The speed of search engines that select documents matching your search query, from among billions of documents, might amaze you. The engines don’t do this by going through every one of these billions of documents. Instead, they search the words you entered in an index already created, and display the documents that contain these words.
The type of index that lists words and then the documents against each word is known as an inverted list index. It is .inverted. because straightforward indexing would have listed the documents first, and then the words in each document. However, such forward indexing would make it immensely more difficult to list all the documents that contain your search words.
Based on the search-engine example above, the purpose of indexing is to facilitate subsequent retrieval. Without an efficient index, it will simply be impossible to find what you want from the huge mass of information available on the Web, for example.
The primary search engines typically do ‘full-text’ indexing, i.e. they go through all the words in each document and index the document against all these words (except perhaps common words like ‘the’).
Full-text indexing is not the only kind of indexing. Documents can be indexed by the metadata (data about the content of the document) attached to each document. For example, documents can be tagged with their main topic, date of creation, author, etc. at the time they are created, and then indexed on such metadata.
Full-text index files need a great deal of space, whereas indexing on metadata can reduce the space requirements dramatically. However, metadata indexing requires the searchers to have some idea about the kind of metadata that can bring up the document they are looking for, such as the date of its creation or a unique identifier.
Indexing is particularly important for unstructured data, such as e-mails, market research reports, correspondence, etc. Structured data such as sales invoices of a business are stored in databases that have their own document-retrieval algorithms.
Document management systems might be able to extract metadata automatically from documents. DMS systems might also make it possible to create metadata in a standardized and structured fashion, say by a barcode that contains certain standard details.
Document retrieval against search queries often becomes difficult because the searcher might not know exactly how to specify the search query.
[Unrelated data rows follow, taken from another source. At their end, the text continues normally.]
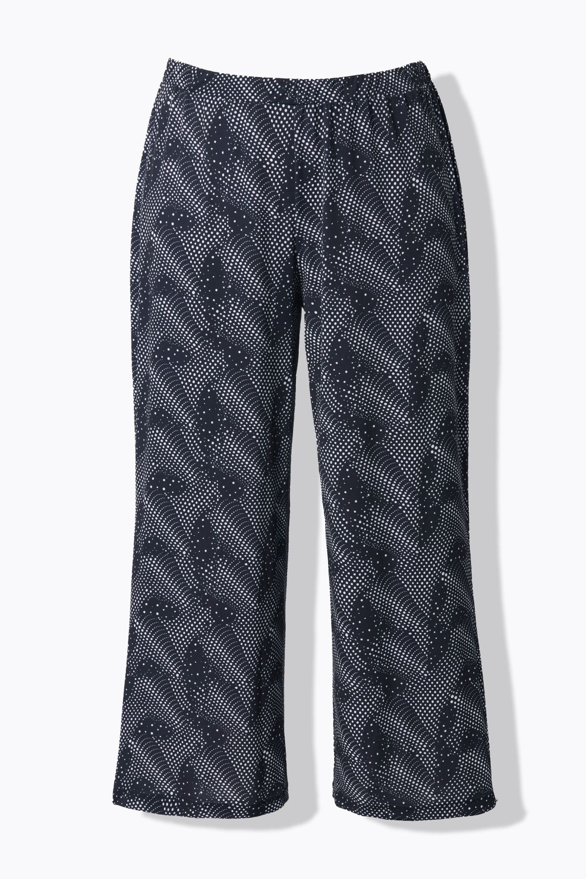 Панталон с широки крачоли с еластична талия. Модел с по - къса дължина и странични джобове. От мека, прохладна материя.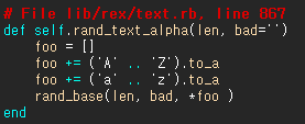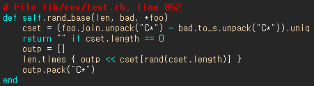 Rex::Text.rand_text_alpha()의 뼈대와 그 안에 쓰이는 rand_base()의 뼈대는 다음과 같다.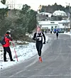 På bildet til høyre (klikk for stor utgave) ser vi Marius Vedvik i føringen på den første bakketoppen etter omtrent 1,3-1,4 km ute i løypen. Nærmest følger Jonas Hammer med startnr. 7 og gjemt bak Marius er det Mulugeta som følger hakk i hæl. Litt bak på bakketoppen er det Halfdan-Emil Færø som sliter litt med åpningstempoet.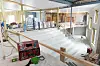 NYTT MELLOMTRINN: Det er stadig utvikling i bygginga av det nye mellomtrinnet, og arbeidarane er godt i gang med det innvendige arbeidet.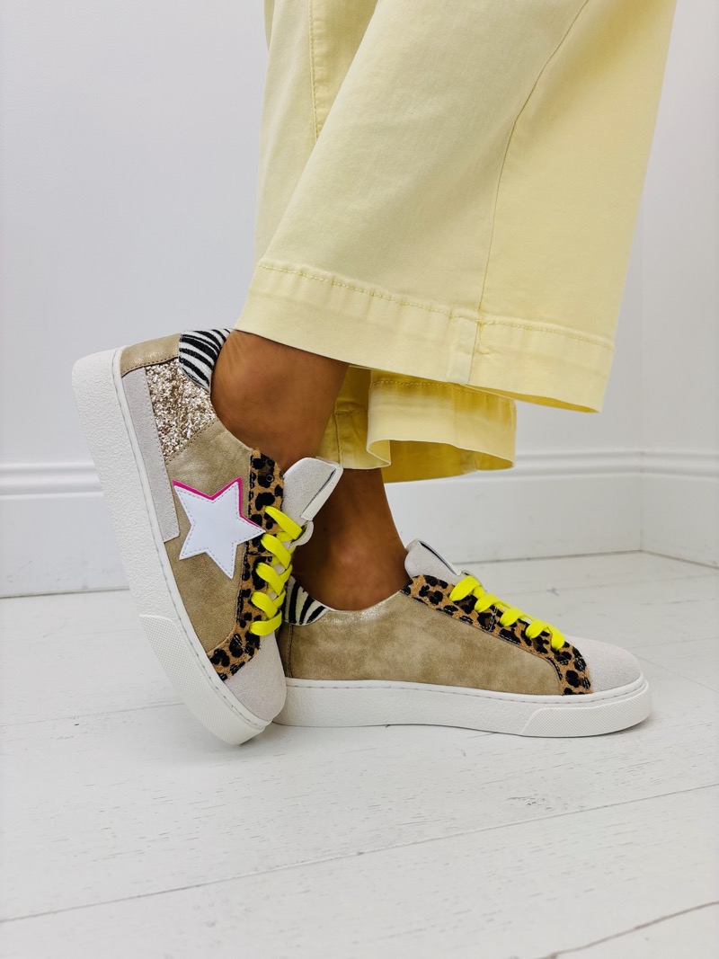 Baskets Statement à Étoile Contrastée et Détails Animal Print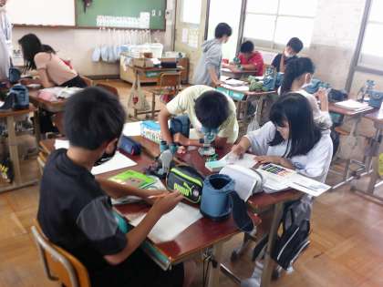 理科の学習で、めだかのたまごや稚魚の観察をしました。顕微鏡や虫眼鏡を使って、観察をしました。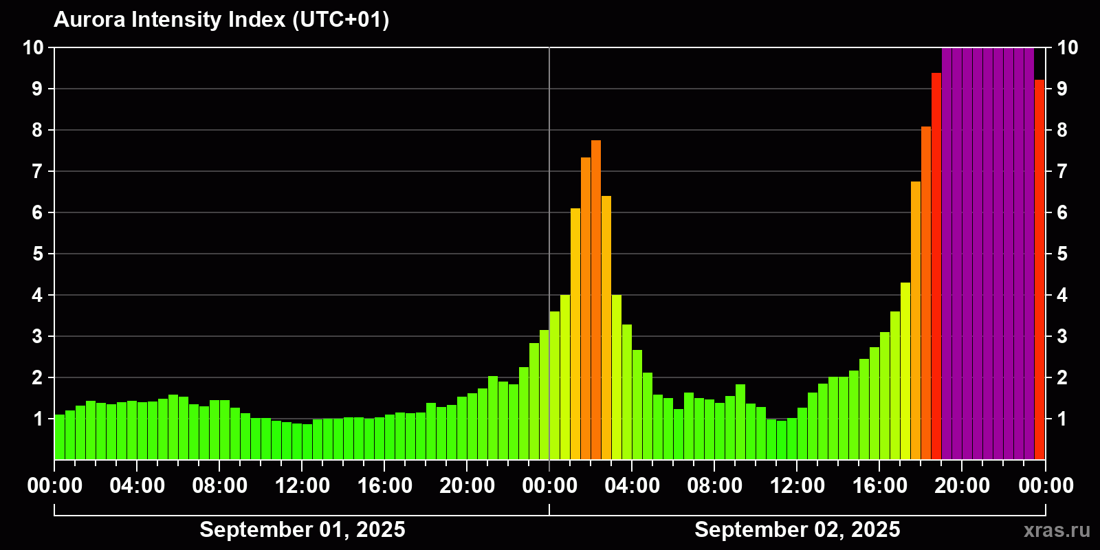 Changes in the auroral intensity index from 2025-09-01 to 2025-09-02 local time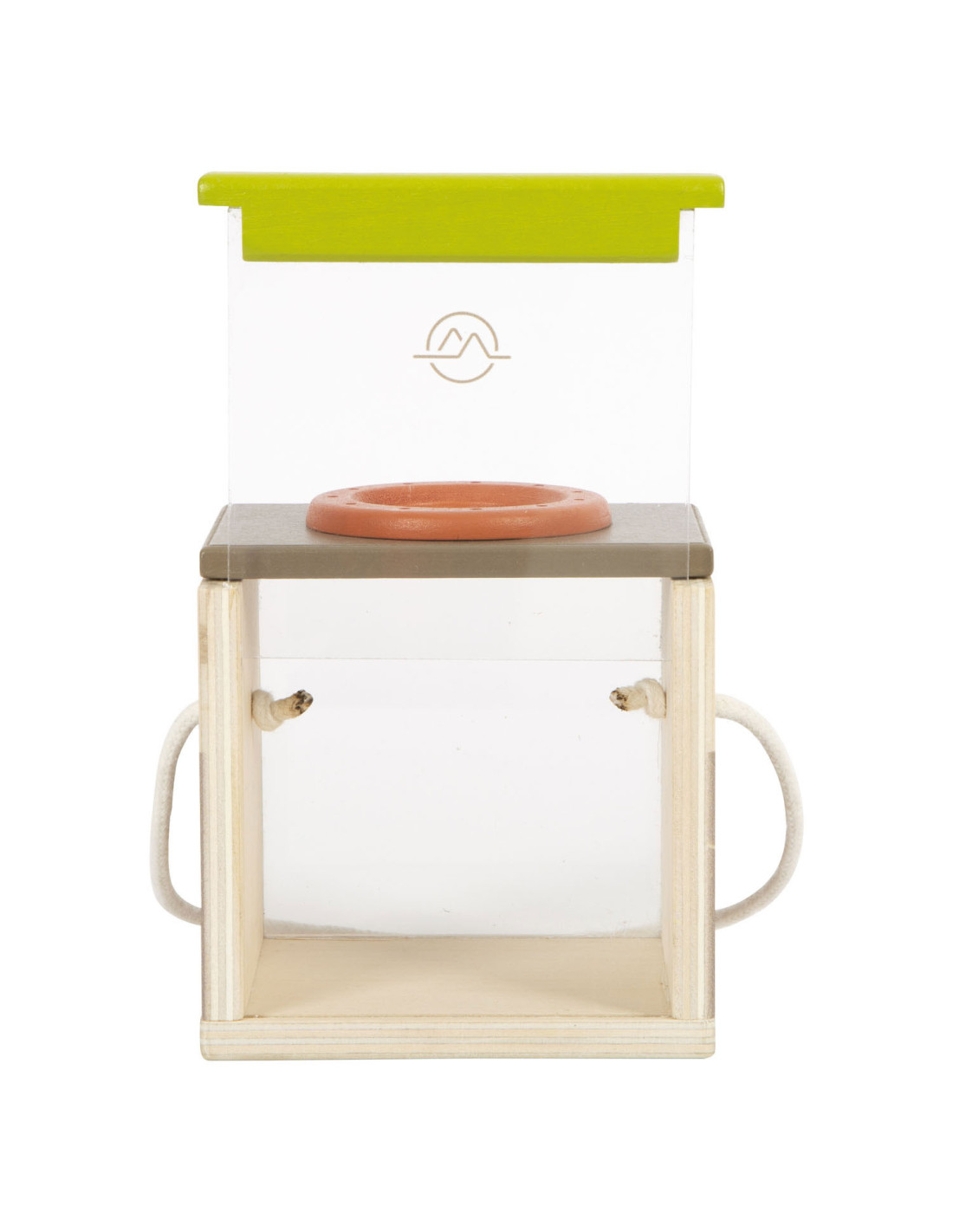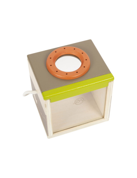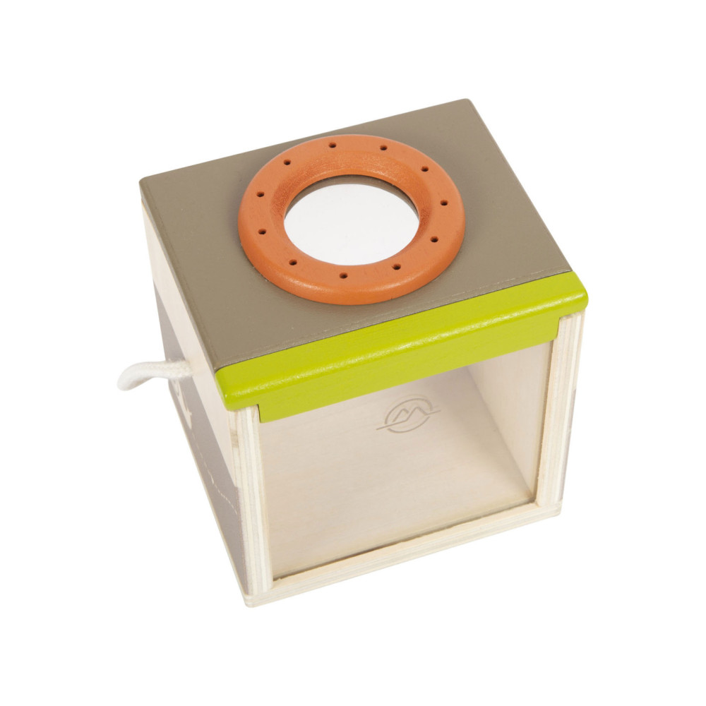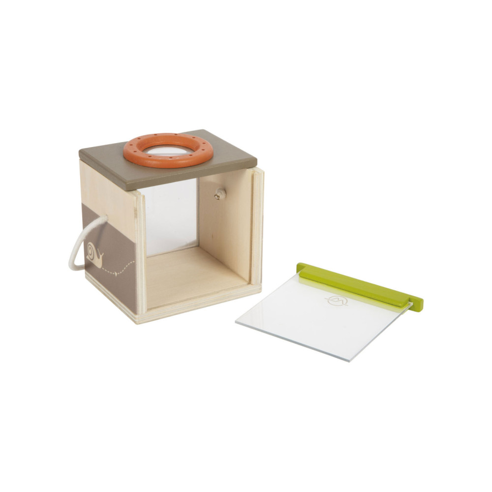 Een volledig overzicht van kevers, rupsen en meer! Kinderen ontdekken graag de natuur om hen heen. Deze insectenobservatiebox is het ideale speelgoed voor ontdekkingsreizigers om allerlei soorten insecten zorgvuldig te vangen en te inspecteren. De insectenkast is gemaakt van stevig, FSC® 100%-gecertificeerd hout en biedt met zijn twee plexiglas zijkanten en vergrootglas aan de bovenkant vanaf drie zijden prachtig zicht op gevangen kruipende beestjes. Hele twijgen en bladeren passen in de binnenkant van de observatiebox, zodat de gevangen insecten stressvrij en beschermd kunnen worden waargenomen. De insectenkast is voorzien van luchtgaten, een touwtje om hem met een hand te kunnen dragen en een beweegbaar plexiglas raampje dat naar boven kan worden geschoven. Inclusief vergrootglas met 5x vergroting aan de bovenzijde.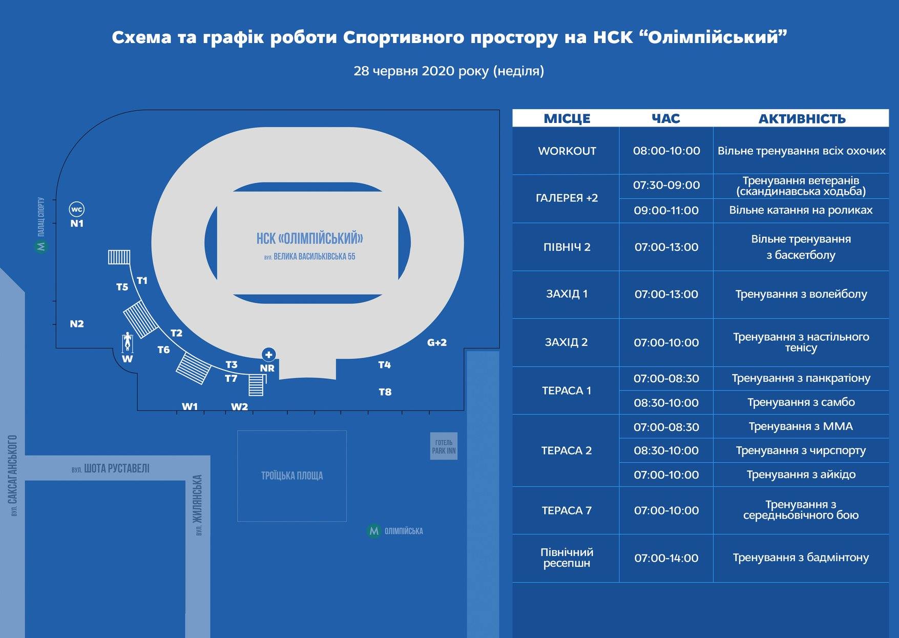 Спортивна зона та вільні тренування будуть доступні щодня з 8:00 до 20:00, крім днів проведення футбольних матчів.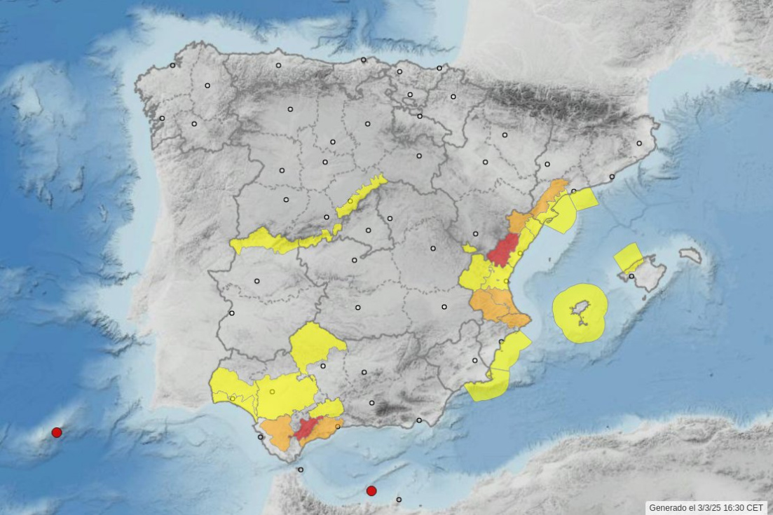 - Lunes 3 de marzo: Se prevén acumulaciones importantes en el interior de Málaga, la Comunidad Valenciana y el sur de Tarragona, con episodios de lluvias fuertes o muy fuertes y persistentes. En algunas zonas se podrían superar los 100 l/m² en 12 horas.

In such a case, broad search queries might be used and these return numerous documents. It then becomes necessary to rank the documents in an order of apparent relevance to the query.
Relevance-based ranking can become inaccurate if the documents are not structured in a manner to enable accurate identification of their topic. This is what happens when webmasters stuff keyword phrases in their pages. To cope with such problems, semantic indexing looks at a number of words in the document to identify its topic.
Scientific documents might be indexed using the scientific notations with their unique syntax, instead of the natural-language content of the documents. This can improve the relevance of search results.
Document management systems often work with scanned document images. Indexing programs will not be able to read the text in images as such. The imaged documents are processed further using Optical Character Recognition (OCR) programs that convert the image into machine-readable text. The accuracy of the OCR programs will then determine the quality of the index.
In addition to indexing, electronic document management systems typically use well-organized directories to help speed up retrieval of desired documents. Users browse to the relevant directory and retrieve the right document instead of having to go through a list of documents brought up by search queries.
Document indexing is a powerful technique to aid subsequent retrieval of documents from repositories that contain thousands of documents. Documents might be indexed by their full-text content (so that they can be retrieved by any word in the content) or by metadata attached to the document such as a unique identifier, date of creation, or the main topic of the document.